[WHAT TO DO]:
Each line of the material below is to be written out exactly. Leave out any picture.

[DATA SHOWN]:

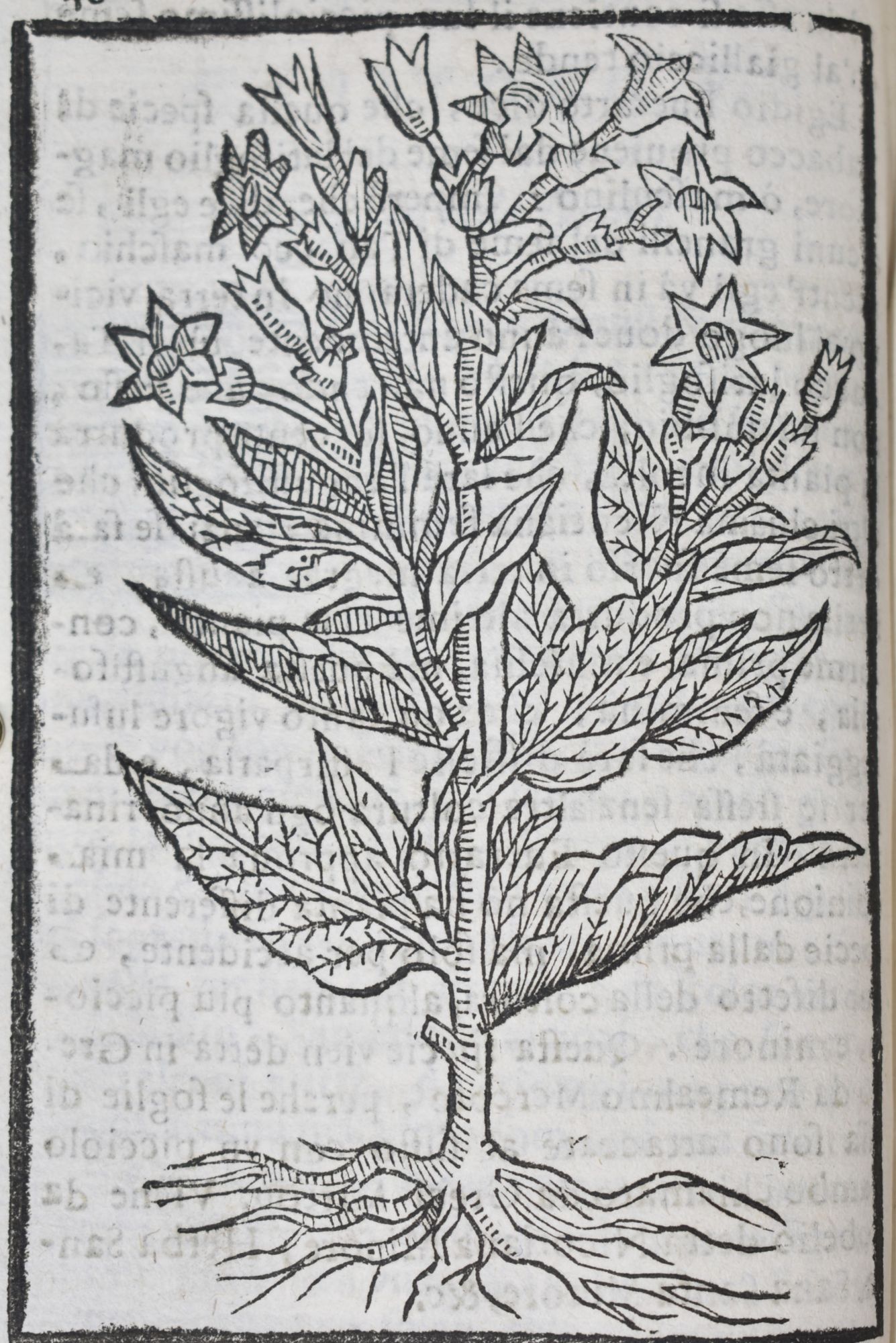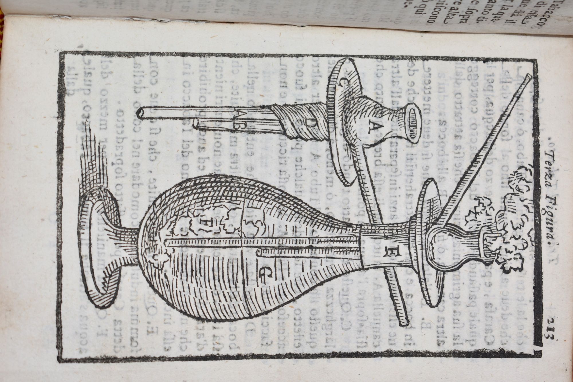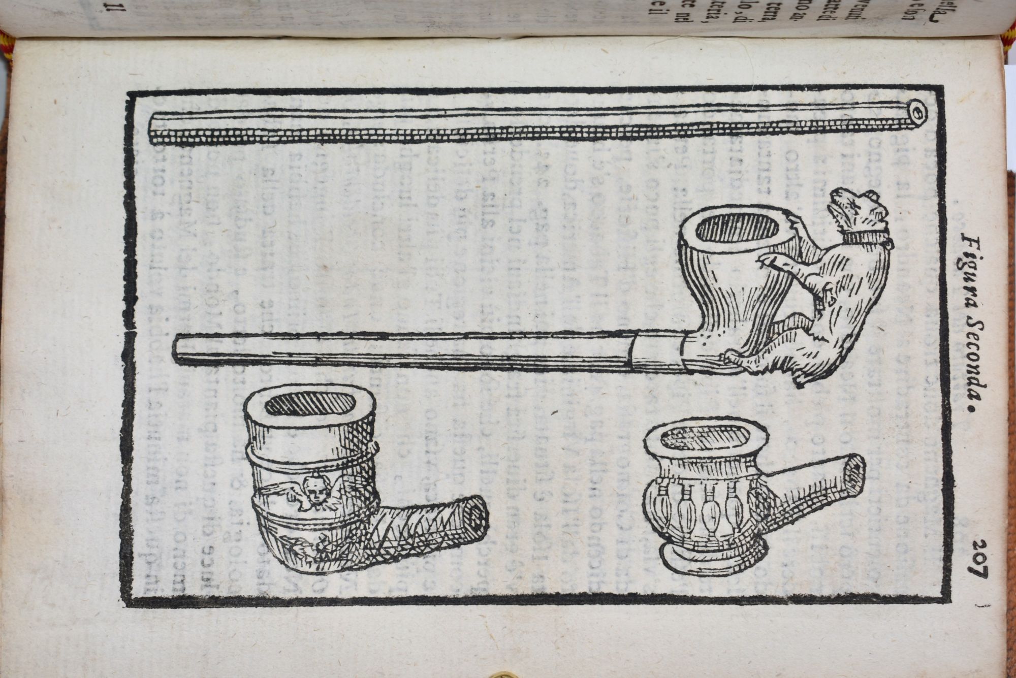 Figurato Seicentesco di farmacopea e erbologia dedicato alla pianta del tabacco e alle sue numerose applicazioni, ornato con 6 tavole incise nel testo e numerose iniziali xil. oltre a innumerevoli testatine e finalini. Esemplare caratterizzato da antiche annotazioni manoscritte in china al margine del testo, mancante delle ultime 32 pagine.
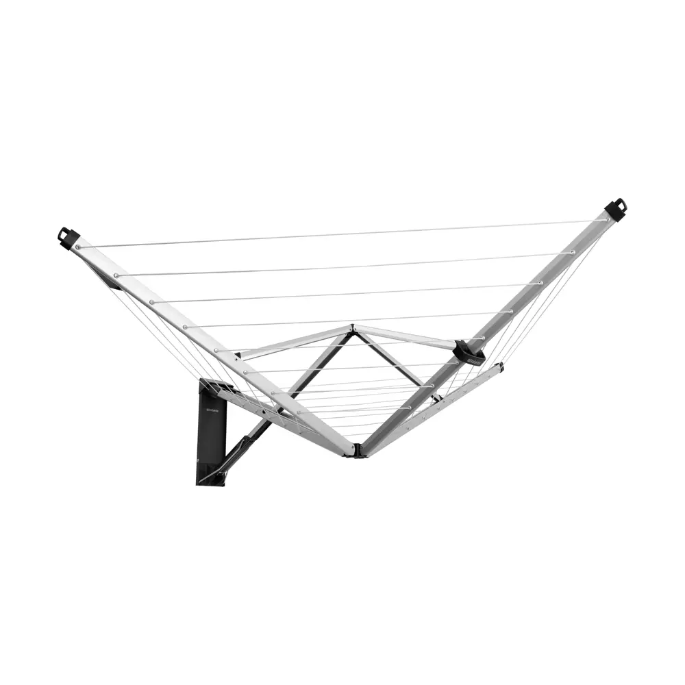Brabantia WallFix 24 m to innowacyjna suszarka ścienna, która po złożeniu niemal znika z pola widzenia. Dzięki kompaktowej konstrukcji i prostemu systemowi składania jednym ruchem, idealnie nadaje się do domów z ograniczoną przestrzenią.
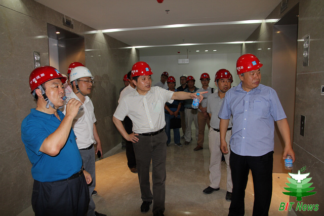 胡校长一行来到工地后,首先听取了资产经营公司和参建单位负责人关于工程建设进展情况汇报,之后,胡校长一行先后来到A栋、D栋、E栋楼视察了建成后的电梯厅、卫生间等样板间(层)。在视察过程中,胡校长、杨宾常务副校长、杨树兴副校长、李和章副校长就电梯厅、卫生间的设计风格、灯光照明,以及墙地面石材的选择、卫生洁具的选配等与在场的资产经营公司及承建单位、监理单位、项目部等有关单位负责人和工程技术人员进行了交流并提出了调整改进意见。

[RESPONSE TO THE TASK]:
 Figurato Seicentesco di farmacopea e erbologia dedicato alla pianta del tabacco e alle sue numerose applicazioni, ornato con 6 tavole incise nel testo e numerose iniziali xil. oltre a innumerevoli testatine e finalini. Esemplare caratterizzato da antiche annotazioni manoscritte in china al margine del testo, mancante delle ultime 32 pagine.
Brabantia WallFix 24 m to innowacyjna suszarka ścienna, która po złożeniu niemal znika z pola widzenia. Dzięki kompaktowej konstrukcji i prostemu systemowi składania jednym ruchem, idealnie nadaje się do domów z ograniczoną przestrzenią.
 胡校长一行来到工地后,首先听取了资产经营公司和参建单位负责人关于工程建设进展情况汇报,之后,胡校长一行先后来到A栋、D栋、E栋楼视察了建成后的电梯厅、卫生间等样板间(层)。在视察过程中,胡校长、杨宾常务副校长、杨树兴副校长、李和章副校长就电梯厅、卫生间的设计风格、灯光照明,以及墙地面石材的选择、卫生洁具的选配等与在场的资产经营公司及承建单位、监理单位、项目部等有关单位负责人和工程技术人员进行了交流并提出了调整改进意见。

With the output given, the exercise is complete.